En este preciso momento me encuentro frente "O Castelo da Lousa". El Castillo de la Pizarra en castellano, así se conoce popularmente un promontorio rocoso, de superficie plana y estructura pizarrosa que soporta como puede el eterno embate del Cantábrico, sirviendo de atalaya para la pesca a una decena de cormoranes grandes (Phalacrocorax carbo), aves marinas buceadoras, habitantes de toda la costa cantábrica y que, ocasionalmente, observamos algún ejemplar en nuestra isla de Gran Canaria (presencia esporádica).

Registro ocho ejemplares a la vista, seguramente haya alguno más en la cara del roquedal expuesta al mar. Muchos están oreándose, es decir, secando su plumaje al sol, tras margullar -bucear- en busca de los peces que les sirvieron de alimento.
Vengo de realizar un agradable pateo por la costa focense, un paseo sobre pizarra, granito y madera que me mantienen siempre al lado del mar, bordeando acantilados, cruzando extensas playas sin afectar a sus ecosistemas dunares, sorteando humedales, salvando espectaculares entrantes marinos sobre pasarelas y puentes de madera y atravesando pinares cuyas raíces se entierran en los arenales de la costa.

Sé que es un viaje de ida y vuelta pues mi intención es regresar a casa, a esa casa familiar donde mi madre – a una semana de cumplir noventa y dos años-, espera mi llegada para desayunar juntos, bajar a la playa y jugar a las cartas.
Son entrañables placeres de importancia suma, que se nos escapan inconscientemente como el agua de las manos. Entrañable lector, si aún estás a tiempo, disfruta de tus padres y de tus seres queridos, el tiempo transcurre inexorablemente y de pronto, un día cualquiera, la naturaleza cumple con su mandato inexorable y todo ese cúmulo de palabras pendientes, de risas y proyectos, de juegos y paseos desaparecen para siempre. Todos sabemos que forma parte de la vida, pero también forma parte de la vida acercarse junto a ellos y vivirlos. Vivirlos y que te vivan.

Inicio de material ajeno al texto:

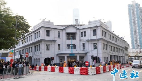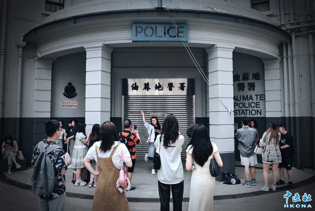 4月30日正值五一旅遊黃金周,大批旅客訪港遊玩,除了太平山頂、尖沙咀星光大道、中環蘭桂坊這些耳熟能詳的景點外,舊油麻地警署也成為一個遊客打卡的熱點。座落在油麻地廣東道鬧市的舊油麻地警署,是電影或電視劇中時常出現的背景,它是一座新古典主義愛德華式建築物,現被列為二級歷史建築。圖為當日,大批旅客在舊油麻地警署前拍照。(香港中通社記者 謝光磊攝)
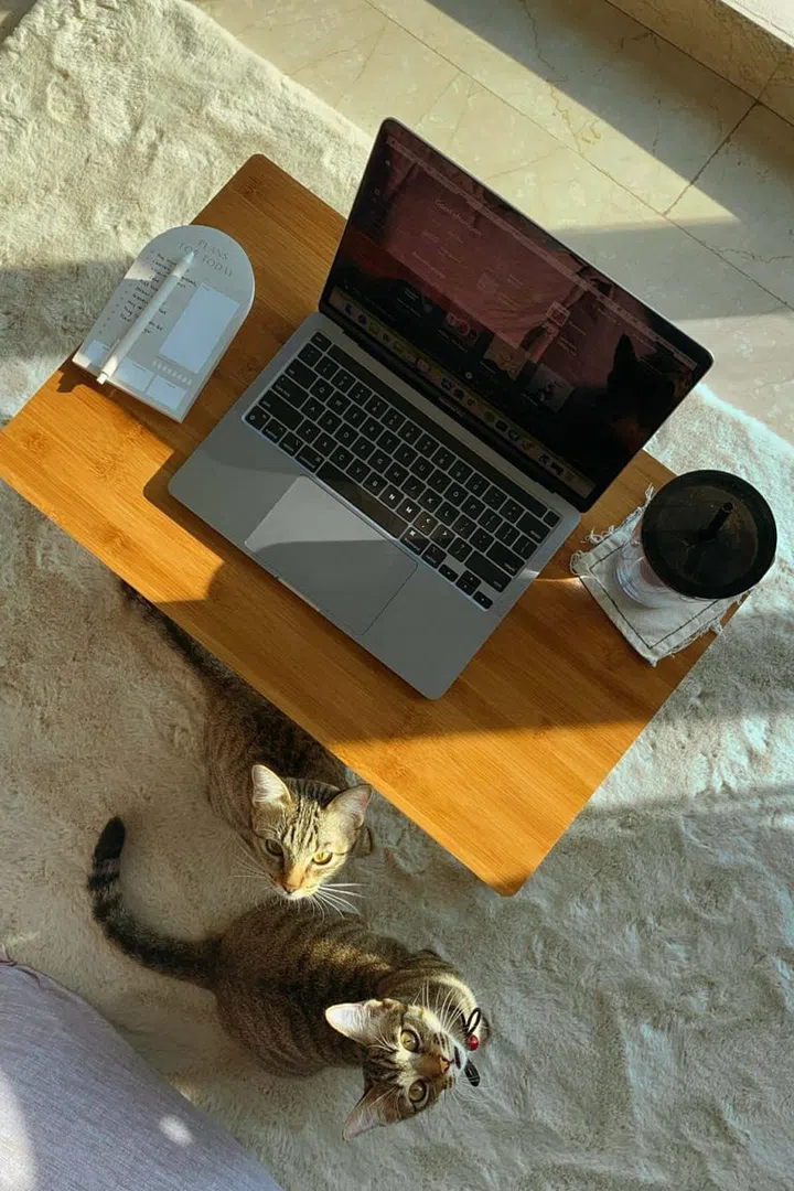 “Given that I’m renting a room at the moment, space is limited so my desk serves as both my work desk and vanity corner – which works out because I can get myself ready to look presentable at Zoom meetings. But sometimes when my cats are getting a little needy, I’ll move down to sit on the carpet so they can be beside me as I work.”

Donde me encuentro, frente al "Castelo da Lousa", se observa en primer plano, imponente, el Castelo de Secundino. No es más que otro roquedo enorme, impresionante, que me recuerda la espectacular belleza de una playa cercana, mundialmente conocida, apenas a diez kilómetros de donde estoy ahora, la famosa playa de Las Catedrales. Allí son arcos y contrafuertes, islas rocosas solitarias ancladas en un mar de arena, lagunas interiores de agua salada, cuevas y galerías quienes sorprenden al ser humano que las visita, recordándole que también él, está sujeto a las leyes de la naturaleza. Creación y destrucción, vida y muerte. Algo que deberíamos recordar más a menudo pues, el daño infligido a cada uno de sus ecosistemas y a las condiciones propias de un planeta vivo y diverso, revierte siempre en nosotros, los seres humanos, bien sea de un modo directo o indirecto.

Aquí, en la costa focense, O Castelo de Secundino es un roque en el mar. Las aguas que lo rodean son poco profundas, limpias y transparentes. Se observan con absoluta nitidez las correas, cintas o espagueti de mar -todas estas denominaciones recibe, aunque para la gente de la Mariña lucense sea correas el nombre con el que las identifica (Himanthalia elongata), unas algas largas y correosas de coloración parduzca y amarillenta meciéndose al ritmo de las corrientes, que sirven de refugio a varias especies marinas y sus alevines, ocultando a nuestra vista el sustrato arenoso.
Estoy sentado sobre un prisma cuadrangular de estructura granítica en posición horizontal, a modo de banco, ubicado en el lugar para descanso de los paseantes y que es uno más de la serie de bancos semejantes distribuidos cara al mar por toda la costafocense. Forma parte de las dotaciones con que cuenta el paseo marítimo y ejerce de frontera entre la seguridad del camino y el peligro del acantilado. De amplia superficie, puedo sentarme cómodamente y observar. Sobre el Castelo anidan, año tras año, varias parejas de una especie de bulliciosa y ruidosa gaviota. Se trata de la gaviota patiamarilla (Larus michahelis), una gaviota de amplia distribución que anida en todo el litoral peninsular y en nuestras islas -la subespecie presente y abundante en Canarias es Larus michahelis atlantis-. Aquí, en el Castelo de Secundino, sus polluelos hace varios días que están preparados para volar. Aún sus padres les aportan pescados que se procuran en las inmediaciones del puerto, en los descartes de los barcos de pesca o en la lonja cuando llegan de faenar. Los polluelos juegan con los peces, algunos aún con movimientos compulsivos, propios de sus últimos estertores agónicos. Con el pico los golpean contra el suelo hasta dejarlos inermes. No hay crueldad en tales actos pues es ésta una valoración exclusivamente humana, muy al contrario, forma parte de las enseñanzas que les transmiten las gaviotas adultas a sus pollos volanderos para asegurarse el alimento. Así es la vida de unos seres alados cuyo objetivo no es otro que desarrollar su ciclo vital de la forma más completa: nacer, crecer, alimentarse, reproducirse y morir, sin dejar a lo largo de este período, lastrado el entorno en el que habitan.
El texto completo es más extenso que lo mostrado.